- Flag Coat of arms
- Coordinates (Radków): 50°30′14″N 16°24′12″E﻿ / ﻿50.50389°N 16.40333°E
- Country: Poland
- Voivodeship: Lower Silesian
- County: Kłodzko
- Seat: Radków
- Sołectwos: Gajów, Karłów-Pasterka, Raszków, Ratno Dolne, Ratno Górne, Ścinawka Dolna, Ścinawka Górna, Ścinawka Średnia, Suszyna, Tłumaczów, Wambierzyce

Area
- • Total: 139 km^{2} (54 sq mi)

Population (2019-06-30)
- • Total: 9,048
- • Density: 65/km^{2} (170/sq mi)
- Website: http://www.radkowklodzki.pl/

= Gmina Radków, Lower Silesian Voivodeship =

Gmina Radków is an urban-rural gmina (administrative district) in Kłodzko County, Lower Silesian Voivodeship, in south-western Poland. Its seat is the town of Radków, which lies approximately 20 km north-west of Kłodzko, and 83 km south-west of the regional capital Wrocław.

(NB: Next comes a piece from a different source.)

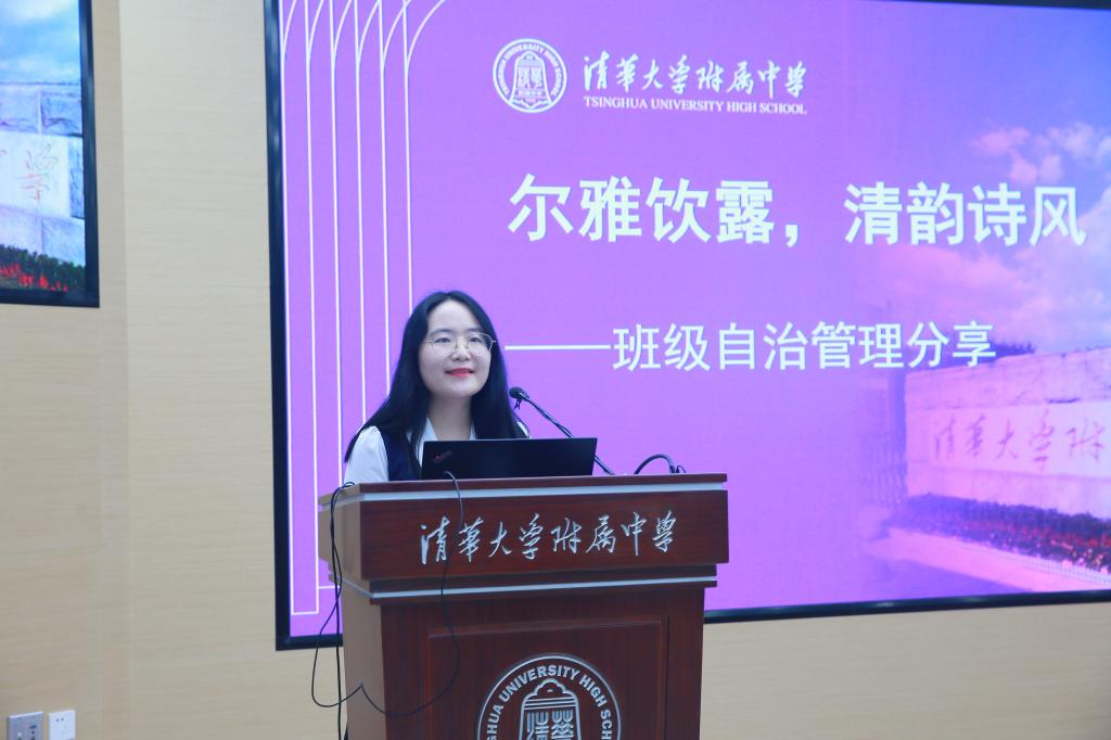 初二6班班主任郭林丽老师做题为《尔雅饮露,清韵诗风——班级自治管理》的汇报,郭老师带领的班级为自治四星班级,她从“班级文化,构建自治场域”“巧妙转化,抓住自治契机”“赞美细化,激发自治动力”三方面,分享了班级自治自律的发展历程,班级管理从“外在约束”“内在自我要求”到“无需提醒的自觉”的转变,充满了班主任的育人之爱与育人之智。

The gmina covers an area of 139 km2, and as of 2019 its total population is 9,048.

==Neighbouring gminas==
Gmina Radków is bordered by the town of Kudowa-Zdrój and the gminas of Kłodzko, Nowa Ruda and Szczytna. It also borders the Czech Republic.

==Villages==
Apart from the town of Radków, the gmina contains the villages of Gajów, Karłów, Pasterka, Raszków, Ratno Dolne, Ratno Górne, Ścinawka Dolna, Ścinawka Górna, Ścinawka Średnia, Suszyna, Tłumaczów and Wambierzyce.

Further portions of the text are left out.